En outre, "22 personnes ont été blessées, dont cinq enfants", a-t-il ajouté dans son dernier bilan de l'attaque du quartier de Dnipro. Sur ces enfants, "les médecins estiment que l'état de trois garçons est grave. Ils sont en salle d'opération".

Sur Facebook, le président ukrainien a posté une vidéo montrant des secouristes en train de fouiller des décombres, au son de marteaux piqueurs. "Une fois de plus, la Russie prouve qu'elle est un Etat terroriste. Les Russes porteront la responsabilité de tout ce qui est commis contre notre Etat et notre peuple", a-t-il fustigé.

Deux morts côté russe

Dimanche, les autorités ukrainiennes ont aussi annoncé qu'un aérodrome avait été touché par une frappe russe près de la ville de Kropyvnytskyï dans le centre du pays. "Six missiles et cinq drones d'attaque" ont été lancés par les forces russes, a déclaré à la télévision un porte-parole de l'armée de l'Air ukrainienne, Youriï Ignat. "Malheureusement, ils n'ont pas tous été détruits. Sur les six (missiles), quatre ont été détruits par la défense aérienne et deux ont frappé l'aérodrome près de Kropyvnytskyï", a-t-il ajouté.

A Kiev, le chef de l'administration militaire locale avait déclaré au préalable que les défenses aériennes de la capitale avaient repoussé plusieurs missiles et drones dans la nuit. "Selon des informations préliminaires, aucune cible aérienne n'a atteint la capitale", a écrit dimanche Serhiy Popko sur le réseau social Telegram.

De l'autre côté de la frontière, des tirs d'obus ukrainiens ont tué deux personnes samedi à Belgorod, en Russie, a fait savoir le gouverneur local Vyacheslav Gladkov. Les villages frontaliers de cette région ont été frappés par des tirs d'artillerie sans précédent ces derniers jours, faisant sept morts au total cette semaine, selon des sources russes.

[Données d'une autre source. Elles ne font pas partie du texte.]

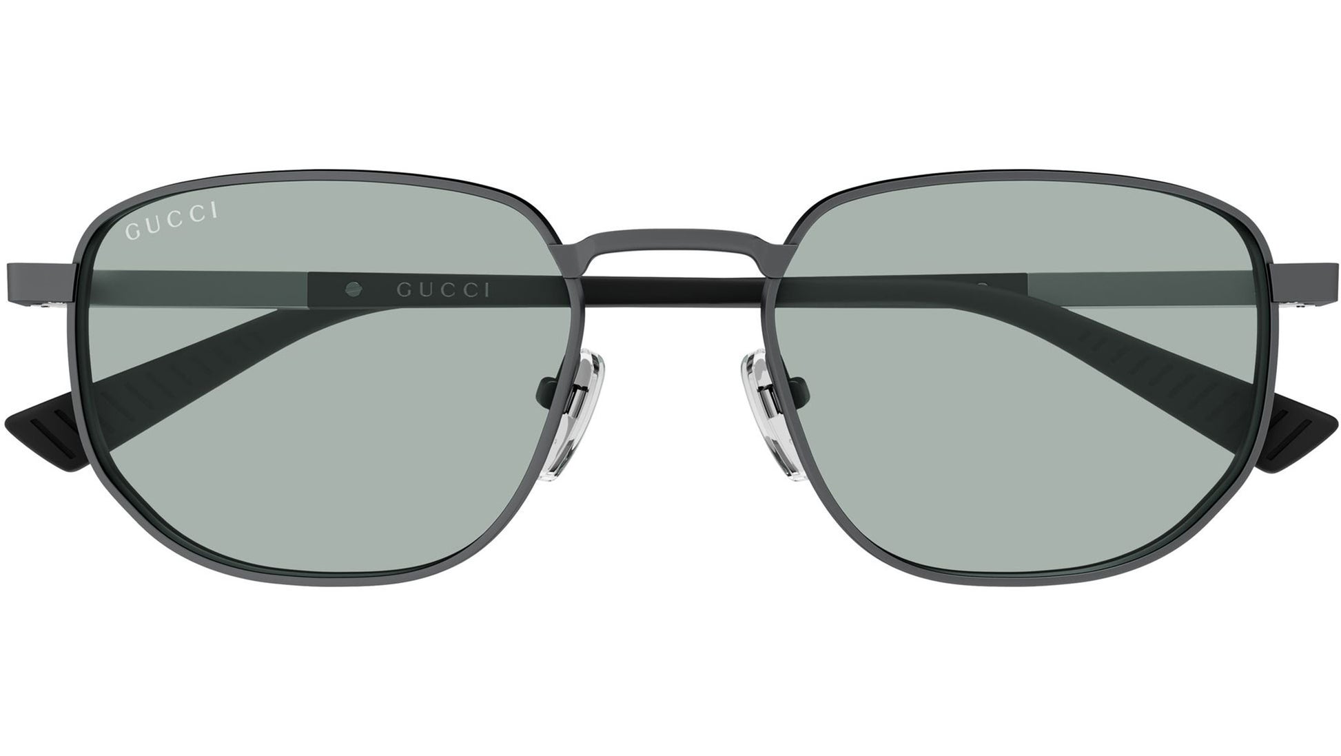 Gucci GG2093S 002 sunglasses for men, featuring matte dark ruthenium rectangular metal frame and solid ice blue bio nylon lenses. Brand line: Sign. Style code: GG2093S. Color code: 002. Made in Italy. Authorized Gucci online reseller. Your glasses will include the original case and accessories and are covered by a 12-month global warranty.

Certaines régions russes frontalières, en particulier celle de Belgorod, sont également touchées par des incursions armées. Ces dernières ont été revendiquées par des groupes se disant russes et combattant pour Kiev. Les autorités ukrainiennes nient toute implication. Ces derniers jours, les tirs d'artillerie ont poussé des milliers d'habitants à se réfugier à Belgorod, la capitale régionale. L'un d'entre eux, Evguéni Klioutchnikov, habitant de Chebekino, à 30 km de là, estime que sa ville ressemble désormais à une cité fantôme parsemée de cratères de bombes.

"Si le gouvernement ne nous aide pas à reconstruire et ne nous donne pas de logements, tous les habitants (de Chebekino) seront des sans-abris", a déclaré à l'AFP ce manutentionnaire rencontré en fin de semaine dans un centre d'hébergement de Belgorod. Le maire de cette ville, Valentin Demidov, a affirmé qu'environ 5.000 personnes fuyant les bombardements s'étaient enregistrées auprès des autorités.